Offshore Outsourcing & Scammer
Blog about offshore outsourcing and scammer in the outsourcing industry
Bios vulnerabilities: Researchers see millions of computers at risk
by Rudolf Faix Tuesday, March 24, 2015 1:15 PM

Bios Chip"How Many Would You Like To BIOSes million Infect?" Is the dramatic title that security researchers Xeno Kopvah and Corey Kallenberg have chosen for her recent lecture. The speech is so threatened by millions of computers.

At a conference in Vancouver the two security researchers have warned of gaps in the BIOS of many computers. The manufacturers concerned are already working on updates - but it is anticipated that the little will bring.

"Because people do not update their bios, there are vulnerabilities that have been known in recent years, still," citing the "Wired" Xeno Kopvah. On the website of the researchers is, the probability is high that the majority of systems that are currently used, is at risk of at least one vulnerability.

Until now it was already assumed that intelligence Bios exploit vulnerabilities to attack. In the In-house order catalog of the department ANT, there are malicious programs that also nest in the bios. They work even further if the hard disk is deleted and a new operating system will be kept up.

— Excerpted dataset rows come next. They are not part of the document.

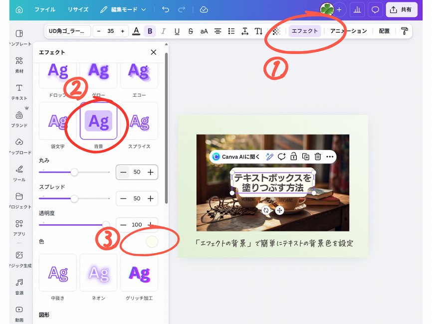 Canvaでは「エフェクト→背景」を使うことで簡単にテキストの背景色を設定できます。
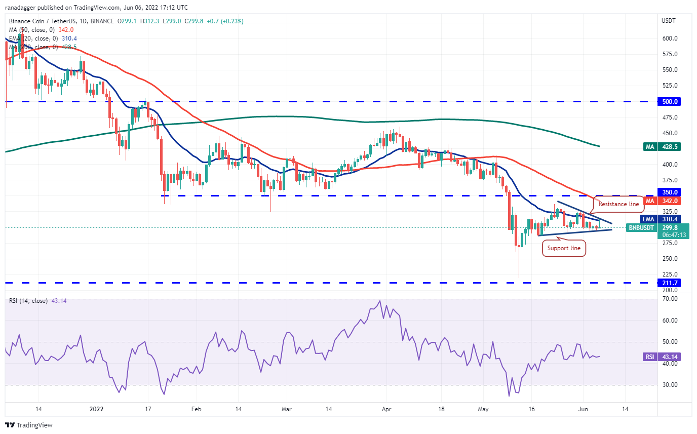 Si el precio baja desde la resistencia superior, los bajistas volverán a intentar tirar del par BNB/USDT por debajo de la línea de soporte. Si logran hacer eso, el par podría caer a USD 265 donde puede surgir una compra.
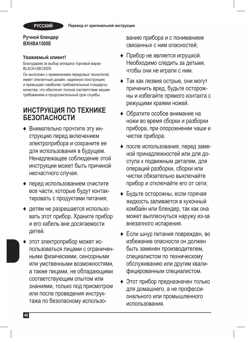 Перевод от оригинальной инструкции Ручной блендер BXHBA1500E Уважаемый клиент! Благодарим за выбор аппарата торговой марки BLACK+DECKER. Он выполнен с применением передовых технологий, имеет элегантный дизайн, надежную конструкцию и превышает наиболее требовательные стандарты качества, что обеспечит полное соответствие вашим требованиям и продолжительный срок службы. ИНСТРУКЦИЯ ПО ТЕХНИКЕ БЕЗОПАСНОСТИ ♦♦ Внимательно прочтите эту инструкцию перед включением электроприбора и сохраните ее для использования в будущем. Ненадлежащее соблюдение этой инструкции может быть причиной несчастного случая. ♦♦ перед использованием очистите все части, которые будут контактировать с продуктами питания; ♦♦ детям не разрешается использовать этот прибор. Храните прибор и его кабель вне досягаемости ♦♦ этот электроприбор может использоваться лицами с ограниченными физическими, сенсорными или умственными возможностями, а также лицами, не обладающими соответствующим опытом или знаниями, только под присмотром или после проведения инструктажа по безопасному использо48 ванию прибора и с пониманием связанных с ним опасностей; ♦♦ Прибор не является игрушкой. Необходимо следить за детьми, чтобы они не играли с ним. ♦♦ Так как лезвия острые, они могут причинить вред, будьте осторожны и избегайте прямого контакта с режущими краями ножей. ♦♦ Обратите особое внимание на ножи во время сборки и разборки прибора, при опорожнении чаши и чистке прибора. ♦♦ после использования, перед заменой принадлежностей или для доступа к подвижным деталям, для операций разборки, сборки или чистки обязательно выключайте прибор и отключайте его от сети; ♦♦ Будьте осторожны, если горячая жидкость заливается в кухонный комбайн или блендер, так как она может выплеснуться наружу из-за внезапного испарения. ♦♦ Если шнур питания поврежден, во избежание опасности он должен быть заменен производителем, специалистом по техническому обслуживанию или другим квалифицированным специалистом. ♦♦ Этот прибор предназначен только для домашнего, а не профессионального или промышленного использования. Перевод от оригинальной инструкции ♦♦Прежде чем включить электроприбор, убедитесь, что напряжение на этикетке соответствует напряжению электросети. ♦♦Подключите электроприбор к розетке, рассчитанной на ток не менее 10 ампер. ♦♦Сетевая вилка должна подходить к розетке. Не допускается вносить изменения в вилку сетевого шнура. Не допускается также использовать переходники для ♦♦рабочее место, где используется прибор, должно быть чистым и хорошо освещенным. Беспорядок и недостаточное освещение могут стать причиной несчастного случая. ♦♦во время использования прибор должен быть недоступен для детей и посторонних лиц. ♦♦не допускается эксплуатировать электроприбор с поврежденным шнуром или вилкой питания. ♦♦при любом повреждении корпуса электроприбора немедленно отключите его от сети, чтобы не допустить поражения электрическим током; ♦♦Не допускается использовать прибор после падения на пол, если на нем имеются видимые следы повреждений или протечка. ♦♦Не используйте прибор, если ваши руки или ноги влажные, а также босиком; ♦♦Не тяните за шнур питания. Не допускается использовать шнур питания, чтобы поднимать или переносить электроприбор, вынимать вилку из
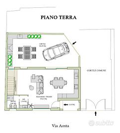 Il futuro immobile avrà ingresso pedonale in facciata e ingresso carrabile da un cortile comune alle altre due unità presenti sul lotto.
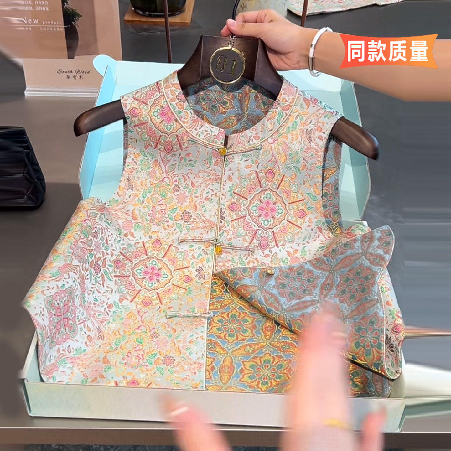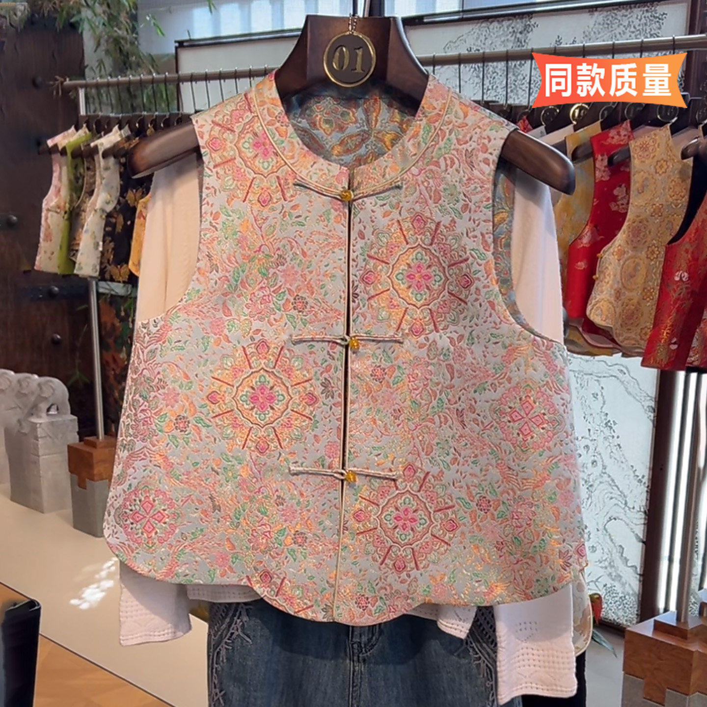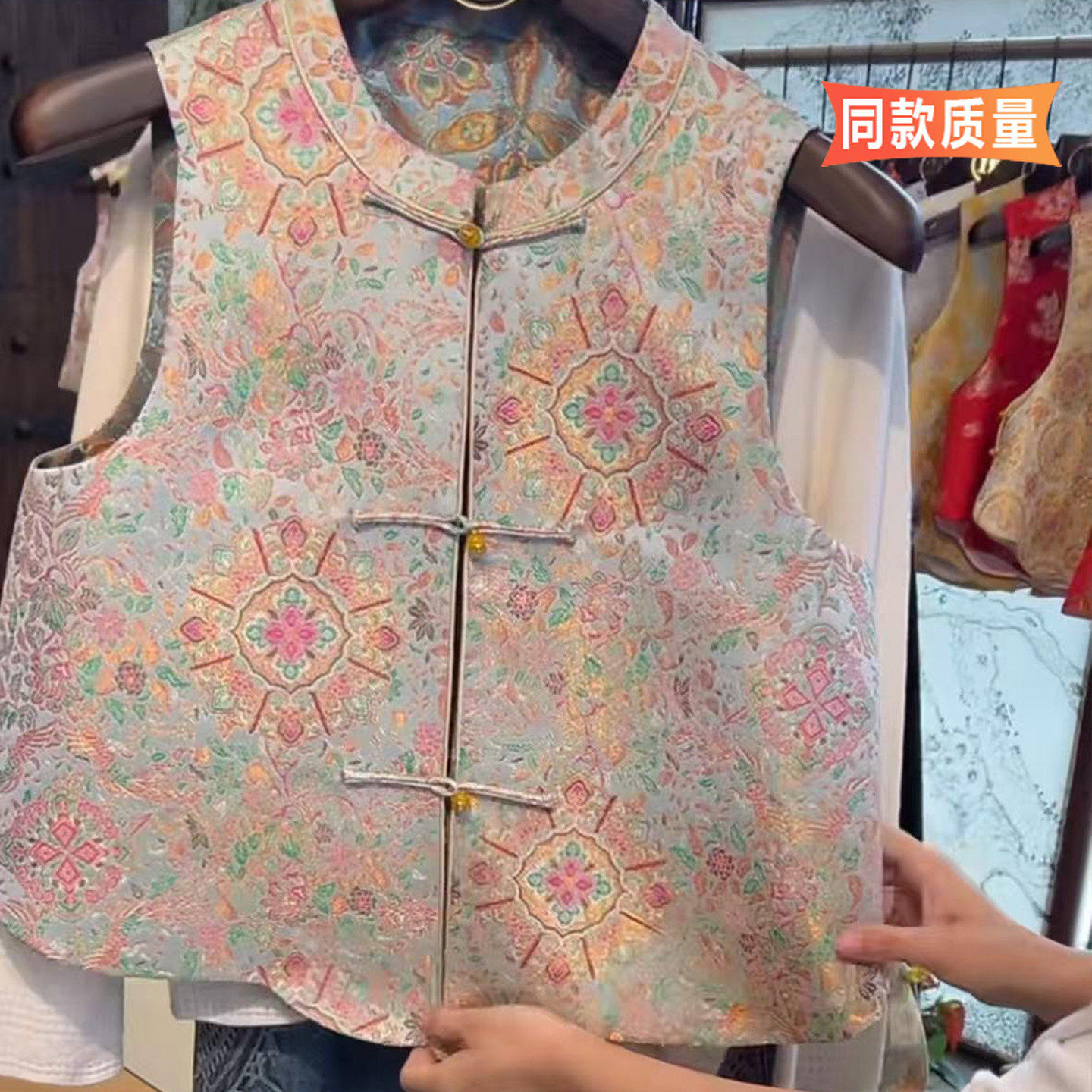 新中式宋锦马夹背心女外穿坎肩上衣2026春秋新款国风盘扣马甲外套

Kopvahs and Kalle's discovery now shows that not only secret services with a billion $ budget is able to spy on computer thanks Bios vulnerabilities.

The two have developed a malicious program called Light Eater, with which the firmware can be manipulated on computers from Gigabyte, Acer, MSI, HP and Asus - at least in theory. The researchers have so far only as examples carried out some attacks; their software is used for testing purposes.

If the BIOS have certain weaknesses then Light Eater allows entering the System Management Mode of computers. If once it has infiltrated the code on the flash memory, then the code of the BIOS can override according their wishes. Computers from different manufacturers are under threat, because companies often use similar code elements.

The researchers describe two ways to exploit the BIOS vulnerabilities, including an attack remotely, is sent to the attack code, for example by phishing e-mail. Uncomplicated is the procedure for a physical access to the device.

Kopvah and Kallenberg declared loudly "Wired", that they sometimes manipulated a BIOS in two minutes for their purposes. In one test, it has the team apparently also managed to capture data from a computer that is running Tails - that is those Linux distribution, the whistleblower Edward Snowden recommends for secure communication.

The researchers have notified the affected manufacturers, who are already working on updates. However, the crucial question will be: “How many users actually will install these updates at the end”.

 

Tags: , ,

Security

Filter by APML

Follow me

AboutMe

I'm since more then 35 years in the computer business (programming and technical support) and using the Internet since it has started. Since 2002 I'm programming solutions for Asterisk and since 2004 I'm in the call center industry.

Disclaimer

All data and information provided on this site is for informational purposes only. I make no representations as to accuracy, completeness, currentness, suitability, or validity of any information on this site and will not be liable for any errors, omissions, or delays in this information or any losses, injuries, or damages arising from its display or use. All information is provided on an as-is basis and is only representing my own opinion. By browsing or using content from this site you accept the full legal disclaimer of this website.